» **What to work on**
Every record must appear in your copy exactly as written, with no pictures.

» **Extracted data**
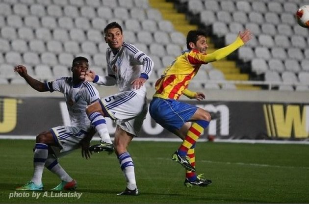 Киевское "Динамо" уступило 0:2 "Валенсии" в первом матче 1/16 финала Лиги Европы, который был перенесен из Киева в Никосию.
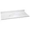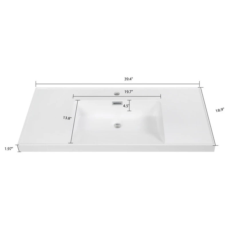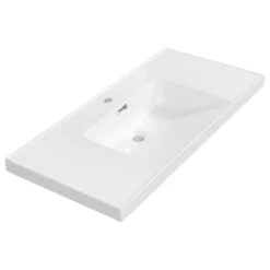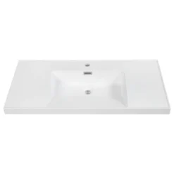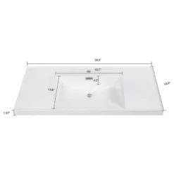This is the perfect vanity top for the one who demands a timeless, contemporary look for his bathroom. The 40″ Solid Surface Resin Streamline K-1802-40 Vanity Top is crafted from high quality, durable solid surface resin material that is made to last for years to come. Yet, this vanity top does not compromise on appearance. It comes in a white color with a glossy finish that will make your bathroom stand out. The 40″ Solid Surface Resin Streamline K-1802-40 Vanity Top measures at 39.4 in. L x 18.9 in. W, which ensures that you have enough space for your favorite bathroom decorations and bathing necessities. To top it off, this stylish vanity top features a pre-drilled faucet hole with a diameter of 1.4 in. We promise you will love the setup.
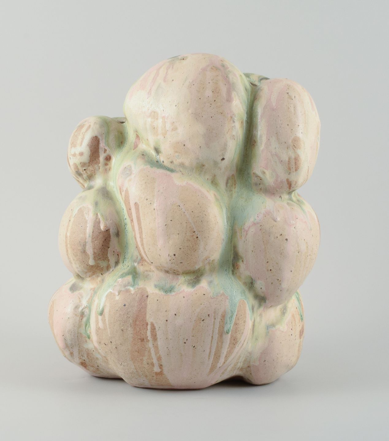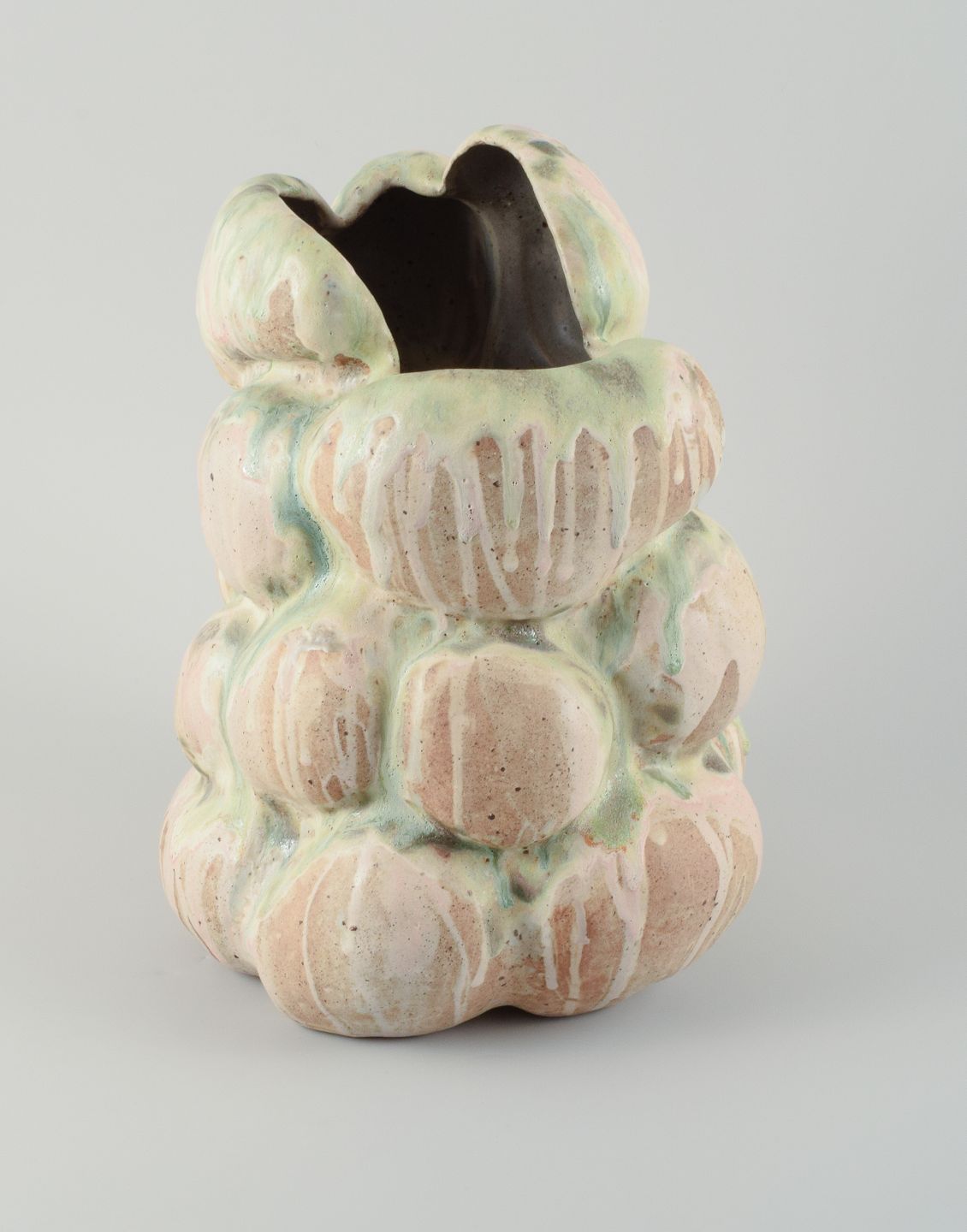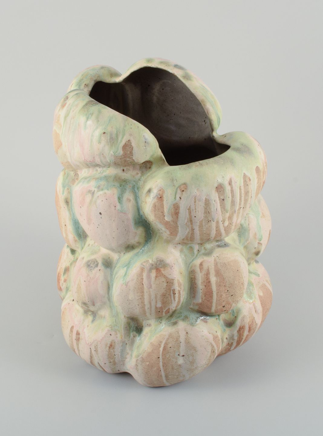 Monumental organically shaped sculpture. This piece is covered in multicolored pastel glaze, the clay showing between glaze runs.
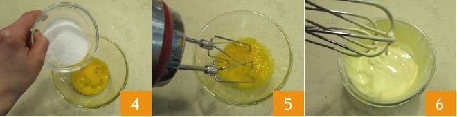 Now take the bowl with the yolks, add the other half of the sugar 4 and beat with the electric mixer 5 until they become light and frothy 6.
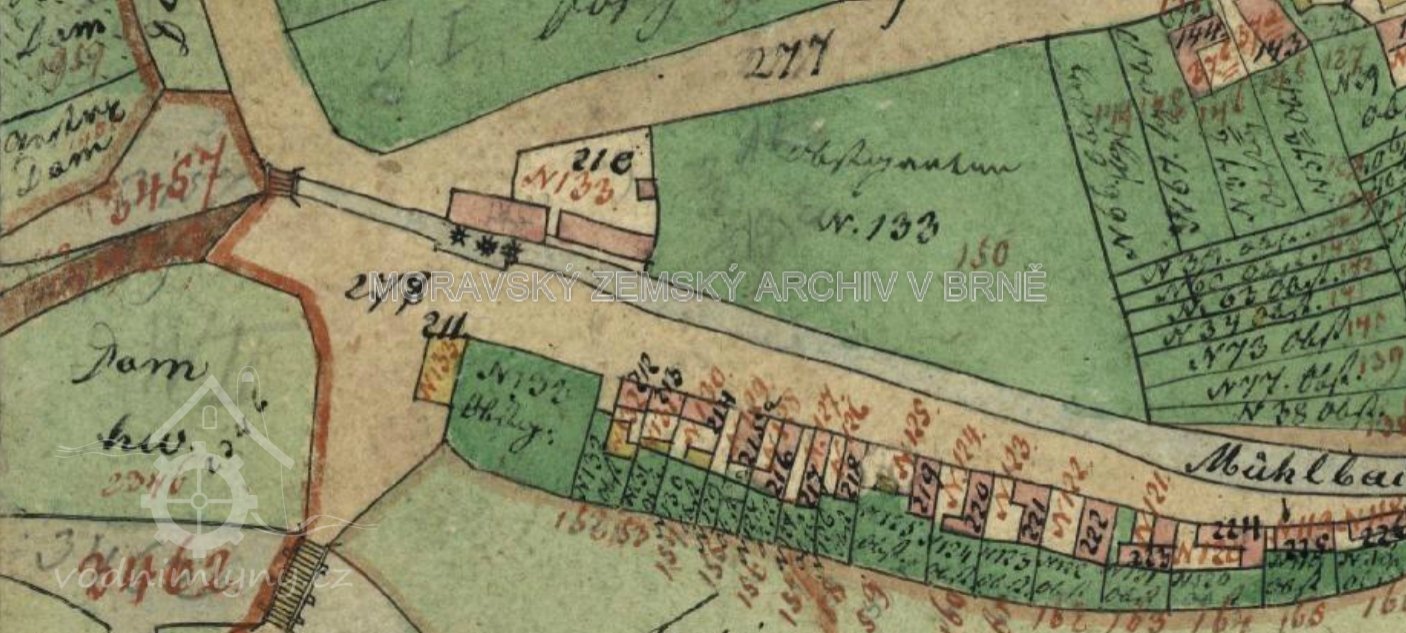 Po číslování domů v Hrušovanech roku 1771 měl mlýn čp. 38. Po přečíslování v roce 1805 získal mlýn čp. 133, což odpovídalo celkovému počtu čp. toho roku.(Jaroslav Stejskal)
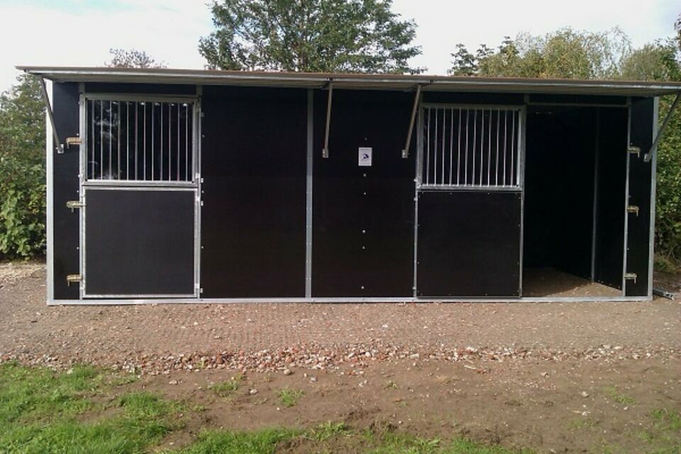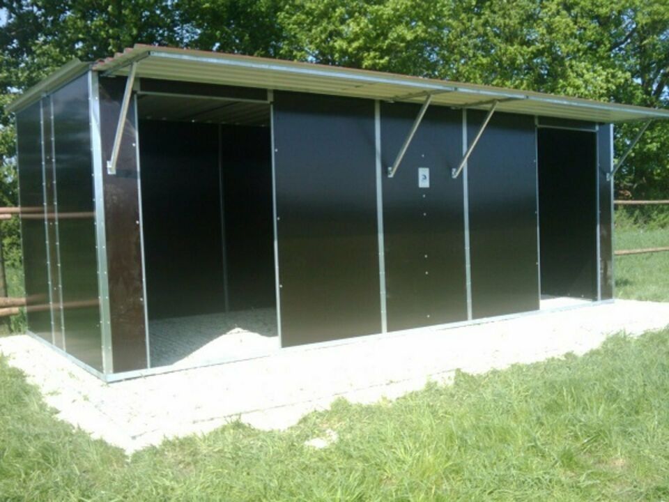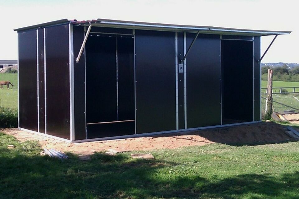 Unsere Hippo-Tech fahrbaren / mobilen oder stationären Weidehütten / Doppel-Außenboxen liefern wir Ihnen als Bausatz zur Selbstmontage oder auf Wunsch fertig montiert.
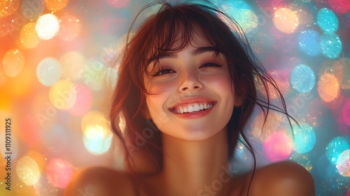 Asian woman smiles happily under bright festival lights at night, with a colorful bokeh background. Perfect for ads about happiness, cheerfulness, or festivals, conveying a warm, hopeful festive vibe.
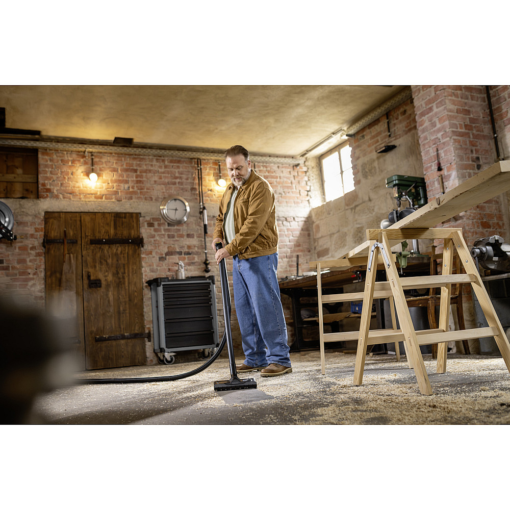 Anpassad för arbete med elverktyg. det integrerade eluttaget gör wd 5 control p till en idealisk partner för sladdade elverktyg, där damm och smuts sugs upp direkt när verktyget används för ett renare arbetsområde.
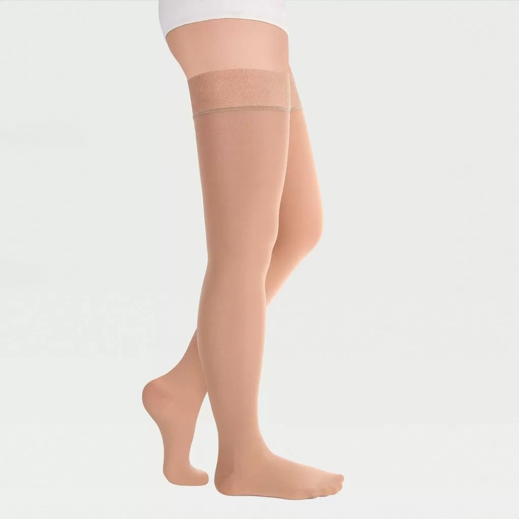 - резинка на силиконовой основе, в том числе на широкое бедро, мягко фиксирует чулок , не нарушая кровотока
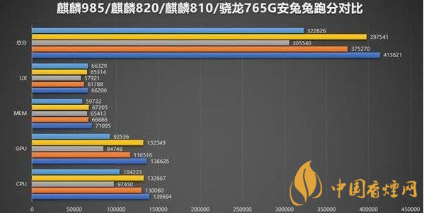 同时从麒麟985/麒麟820/麒麟810/骁龙765G安兔兔成绩横向对比图来看
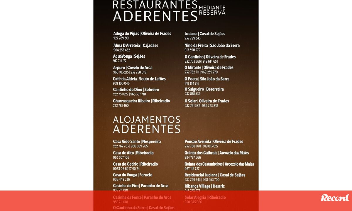 A Rota conta ainda com a adesão de catorze restaurantes do concelho, que durante o evento irão confecionar o típico prato da cabidela, e de treze alojamentos locais, que disponibilizarão um desconto de 10% aos participantes.
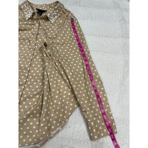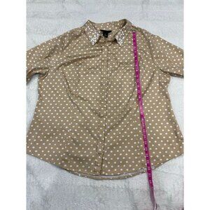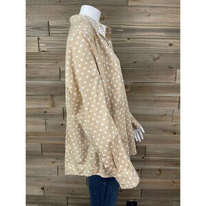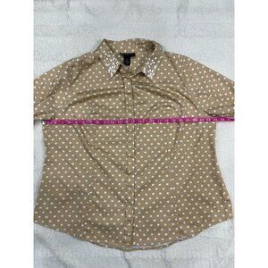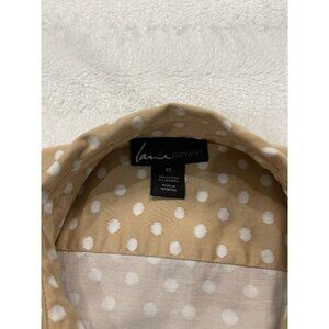 Lane Bryant Button Up Dress Shirt 22 Tan Polka Dot Long Sleeve Beaded Collar
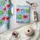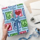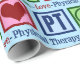 Papel de envoltura de fisioterapeuta para regalos de Navidades con signo de paz, corazón y PT. Envoltura de regalo de Terapia Física por la Paz.
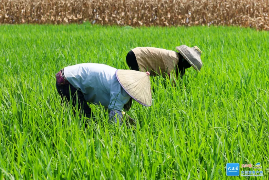 工人正在地里进行除草作业。
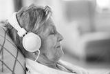 Sick senior woman with headphones lying in bed at home or in hospital.
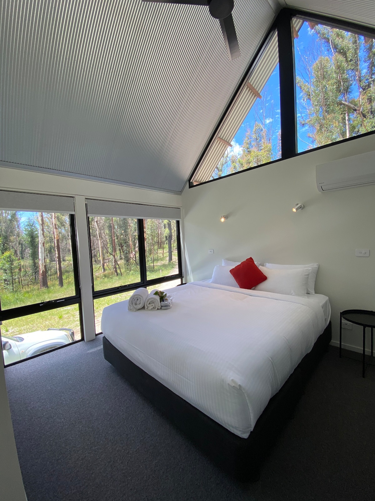 - A **deep double spa bath** with piped music and views into the surrounding bushland — perfect for champagne and stargazing
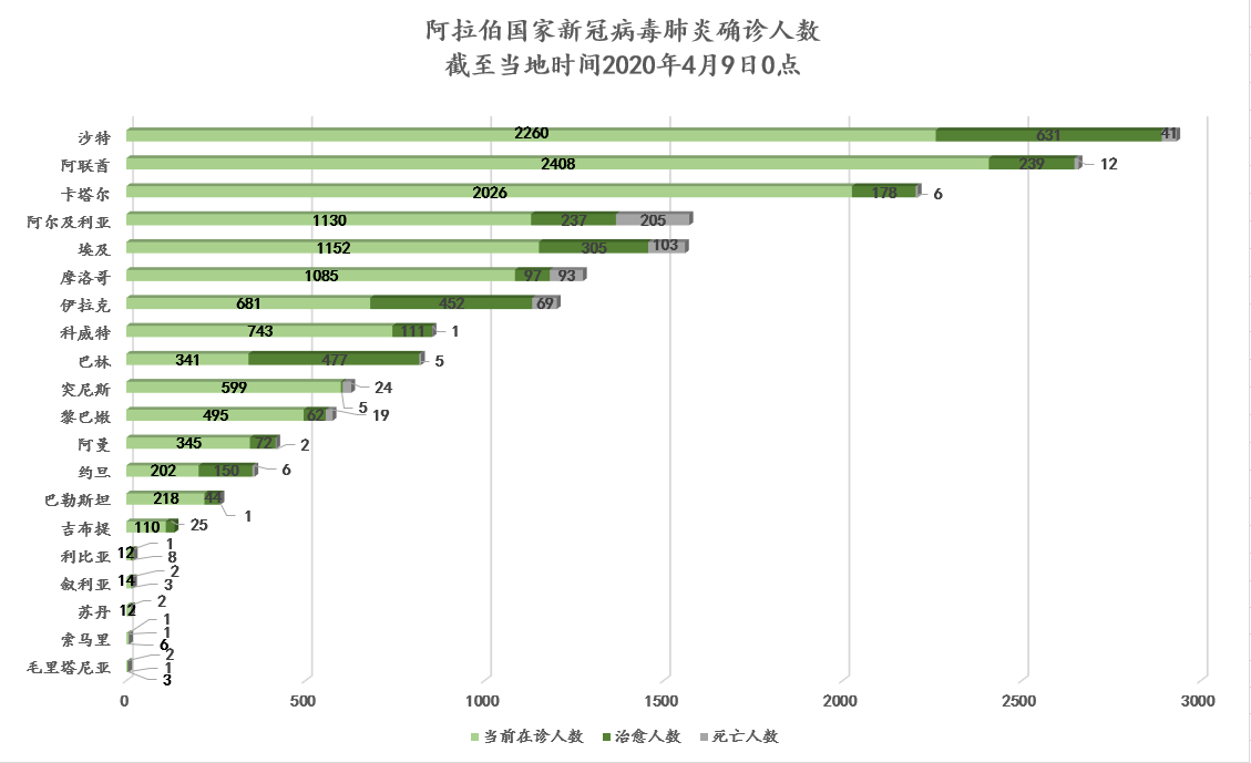 截至当地时间4月9日0点,阿拉伯国家累计确诊17535例,死亡594例,治愈3099例,其中17个国家出现新增确诊病例共计1204例。斋月即将来临,多国明令禁止斋月和开斋节期间聚餐、聚会,违规者将面临处罚。多国发起关爱贫困家庭、外籍人士的公益活动,免费向此类人群提供食品和防疫物资保障。部分北非国家获得联合国、欧盟等国际组织抗疫支持。突尼斯卫生部感谢中国物资援助。马云向约旦捐赠抗疫物资。我驻沙特、伊拉克、埃及、索马里大使受当地主流媒体邀请介绍中国防疫经验,表达加强公共卫生合作意愿,呼吁全球携手共抗疫情。
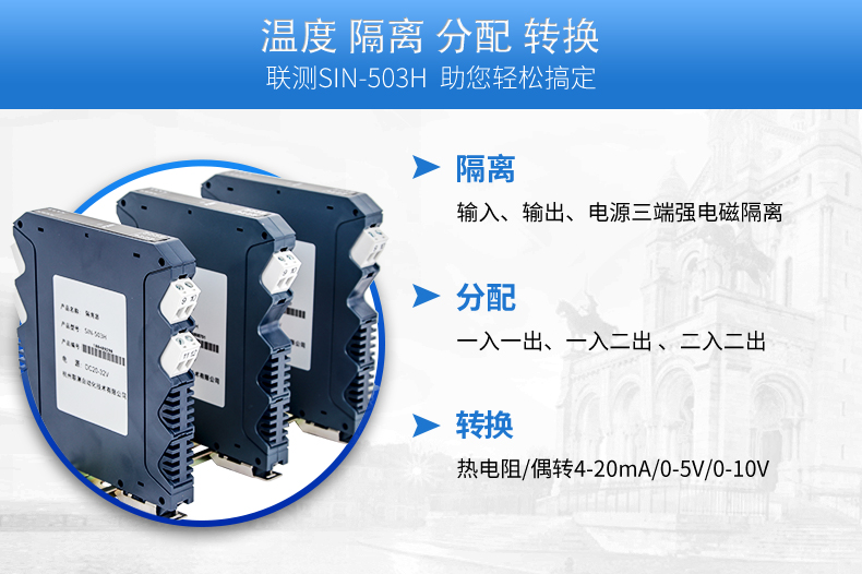 將PT100等熱電阻跟熱電偶信號轉(zhuǎn)換成各種電流、電壓等標準模擬量信號,可以與PC機、PLC、DCS等實現(xiàn)工控監(jiān)測連接??垢蓴_能力強,遠傳不受其他設(shè)備影響。輸入、輸出選擇范圍寬,準確度高。電源可選擇,導(dǎo)軌安裝便于檢測與安裝。廣泛應(yīng)用于各種對溫度集中測量的監(jiān)控系統(tǒng)中。

» **Answer to the exercise**
 Киевское "Динамо" уступило 0:2 "Валенсии" в первом матче 1/16 финала Лиги Европы, который был перенесен из Киева в Никосию.
This is the perfect vanity top for the one who demands a timeless, contemporary look for his bathroom. The 40″ Solid Surface Resin Streamline K-1802-40 Vanity Top is crafted from high quality, durable solid surface resin material that is made to last for years to come. Yet, this vanity top does not compromise on appearance. It comes in a white color with a glossy finish that will make your bathroom stand out. The 40″ Solid Surface Resin Streamline K-1802-40 Vanity Top measures at 39.4 in. L x 18.9 in. W, which ensures that you have enough space for your favorite bathroom decorations and bathing necessities. To top it off, this stylish vanity top features a pre-drilled faucet hole with a diameter of 1.4 in. We promise you will love the setup.
 Monumental organically shaped sculpture. This piece is covered in multicolored pastel glaze, the clay showing between glaze runs.
 Now take the bowl with the yolks, add the other half of the sugar 4 and beat with the electric mixer 5 until they become light and frothy 6.
 Po číslování domů v Hrušovanech roku 1771 měl mlýn čp. 38. Po přečíslování v roce 1805 získal mlýn čp. 133, což odpovídalo celkovému počtu čp. toho roku.(Jaroslav Stejskal)
 Unsere Hippo-Tech fahrbaren / mobilen oder stationären Weidehütten / Doppel-Außenboxen liefern wir Ihnen als Bausatz zur Selbstmontage oder auf Wunsch fertig montiert.
 Asian woman smiles happily under bright festival lights at night, with a colorful bokeh background. Perfect for ads about happiness, cheerfulness, or festivals, conveying a warm, hopeful festive vibe.
 Anpassad för arbete med elverktyg. det integrerade eluttaget gör wd 5 control p till en idealisk partner för sladdade elverktyg, där damm och smuts sugs upp direkt när verktyget används för ett renare arbetsområde.
 - резинка на силиконовой основе, в том числе на широкое бедро, мягко фиксирует чулок , не нарушая кровотока
 同时从麒麟985/麒麟820/麒麟810/骁龙765G安兔兔成绩横向对比图来看
 A Rota conta ainda com a adesão de catorze restaurantes do concelho, que durante o evento irão confecionar o típico prato da cabidela, e de treze alojamentos locais, que disponibilizarão um desconto de 10% aos participantes.
 Lane Bryant Button Up Dress Shirt 22 Tan Polka Dot Long Sleeve Beaded Collar
 Papel de envoltura de fisioterapeuta para regalos de Navidades con signo de paz, corazón y PT. Envoltura de regalo de Terapia Física por la Paz.
 工人正在地里进行除草作业。
 Sick senior woman with headphones lying in bed at home or in hospital.
 - A **deep double spa bath** with piped music and views into the surrounding bushland — perfect for champagne and stargazing
 截至当地时间4月9日0点,阿拉伯国家累计确诊17535例,死亡594例,治愈3099例,其中17个国家出现新增确诊病例共计1204例。斋月即将来临,多国明令禁止斋月和开斋节期间聚餐、聚会,违规者将面临处罚。多国发起关爱贫困家庭、外籍人士的公益活动,免费向此类人群提供食品和防疫物资保障。部分北非国家获得联合国、欧盟等国际组织抗疫支持。突尼斯卫生部感谢中国物资援助。马云向约旦捐赠抗疫物资。我驻沙特、伊拉克、埃及、索马里大使受当地主流媒体邀请介绍中国防疫经验,表达加强公共卫生合作意愿,呼吁全球携手共抗疫情。
 將PT100等熱電阻跟熱電偶信號轉(zhuǎn)換成各種電流、電壓等標準模擬量信號,可以與PC機、PLC、DCS等實現(xiàn)工控監(jiān)測連接??垢蓴_能力強,遠傳不受其他設(shè)備影響。輸入、輸出選擇范圍寬,準確度高。電源可選擇,導(dǎo)軌安裝便于檢測與安裝。廣泛應(yīng)用于各種對溫度集中測量的監(jiān)控系統(tǒng)中。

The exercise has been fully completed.